As she began to scrub at her neck and arms, Hikarimetsu leaned lazily against the doorframe, her silver hair catching the lamplight. "Do you need help scrubbing your back?" she asked with a sly smile.
Emilia shot her a look over her shoulder. "I'm going to poop, not take a bath. I don't want you staring at me while I'm popping."
Hikarimetsu blinked, then nodded solemnly, as if this were a very serious matter. "Makes sense."
Emilia rolled her eyes but couldn't help the tiny laugh that slipped out. She picked up a silk fern leaf. "But," Emilia added as she started to scrub her body while sitting on the garderobe, "I want you to stay close. Just in case. Keep me safe."
Hikarimetsu straightened, hand resting on the hilt of her blade, though Emilia suspected the gesture was more for show than necessity. "Of course," she said with mock seriousness. "That goes without saying, really."

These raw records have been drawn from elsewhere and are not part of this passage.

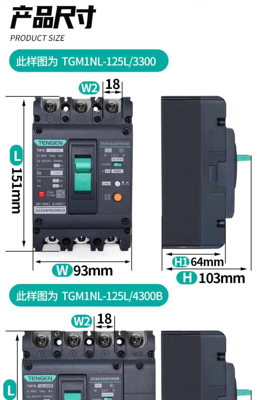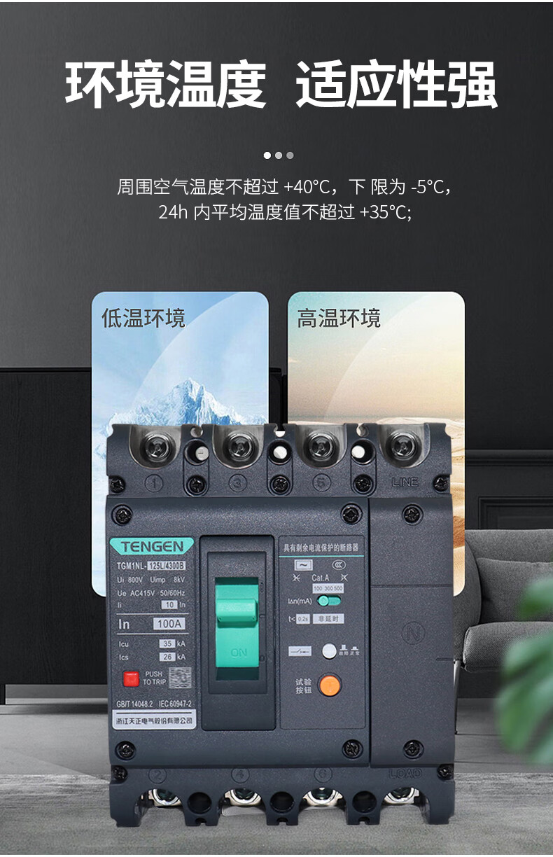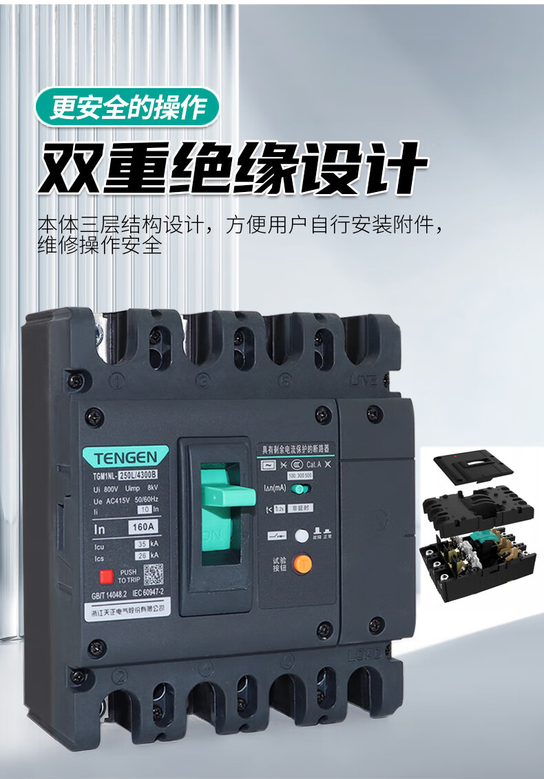 Tianzheng Electric Tianzheng plastic case leakage protection circuit breaker 100A250400A leakage protection switch 4P three-phase four-wire 380 4300B4P 100A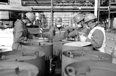 2月19日起,中安联合对净化装置Ⅱ系列进行消缺,提升装置运行水平。净化装置在消缺过程中,严控现场风险,规范检修作业票证管理,认真执行受限空间、吊装等作业安全管理规定,保证检修作业安全。图为2月23日,检修人员装填吸附剂。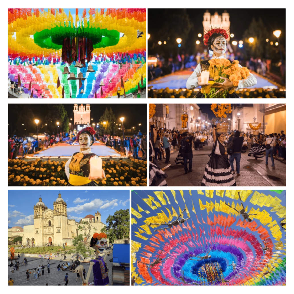 Si hay un lugar que enaltece el Día de los Muertos como ningún otro, es Oaxaca. En la capital, Oaxaca de Juárez, los panteones se iluminan con miles de velas y flores que transforman la noche en un espectáculo visual. El Panteón General es un lugar icónico, mientras que la Plaza de la Danza se cubre de tapetes de arena que representan símbolos tradicionales de la festividad. Las ciudades cercanas de Santa Cruz Xoxocotlán y Santa María del Tule son también ideales para sumergirse en las celebraciones. Además, la gastronomía oaxaqueña brilla durante estos días, con platillos como el nicuatole, el tejate y, por supuesto, el mezcal, deleitando tanto a vivos como a muertos.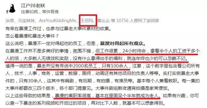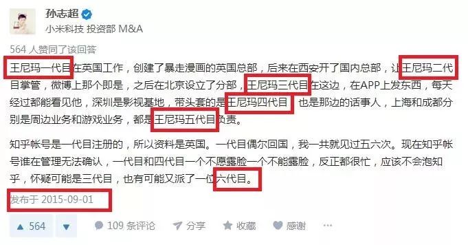 2015年9月,供职于小米投资部的知乎大V孙志超爆料,王尼玛至少有五个。第一位当然是创始人任剑,之后暴漫扩张,在西安、北京、深圳、上海等地都有扮演王尼玛的演员。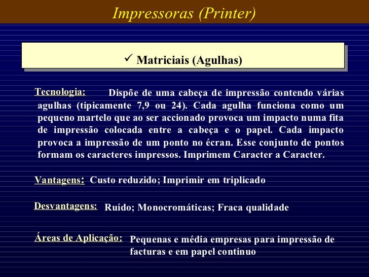 31. 31. Impressoras (Printer) <ul><li>Matriciais (Agulhas) </li></ul>Vantagens : Custo reduzido; Imprimir em triplicado Desvantagens: Ruído; Monocromáticas; Fraca qualidade Áreas de Aplicação: Pequenas e média empresas para impressão de facturas e em papel continuo Dispõe de uma cabeça de impressão contendo várias agulhas (tipicamente 7,9 ou 24). Cada agulha funciona como um pequeno martelo que ao ser accionado provoca um impacto numa fita de impressão colocada entre a cabeça e o papel. Cada impacto provoca a impressão de um ponto no écran. Esse conjunto de pontos formam os caracteres impressos. Imprimem Caracter a Caracter. Tecnologia: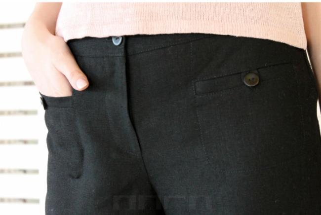 Housut ovat 100% pellavaa. Suora lahje tekee housuista monikäyttööiset. Pellavahousujen vyötäröllä on vyörtärökaitale ja selkäpuolella kuminauha, jolla voi helposti säätää housujen istuvuuden. Edessä vyötäröllä on nappi ja vetoketju. Housuissa on napeilla kiinnitettävät pienet, hauskat, sivutaskut.

Emilia smirked. "Good. Because if I get attacked by a monster mid-poop, I'm haunting you."
That earned her a quiet chuckle from the spirit. "Noted, Master. I'll guard your… sacred moment."
"Don't make it sound weird," Emilia grumbled, closing the door behind her. "And stop staring; just wait outside."
"Fine, fine." Hikarimetsu walked outside the hut and stayed in front of the curtain.
Outside, the forest rustled softly, the moonlight spilling across the rebuilt village. Somewhere beyond the trees, a distant howl echoed, but in the Tharrosk, everything is calm.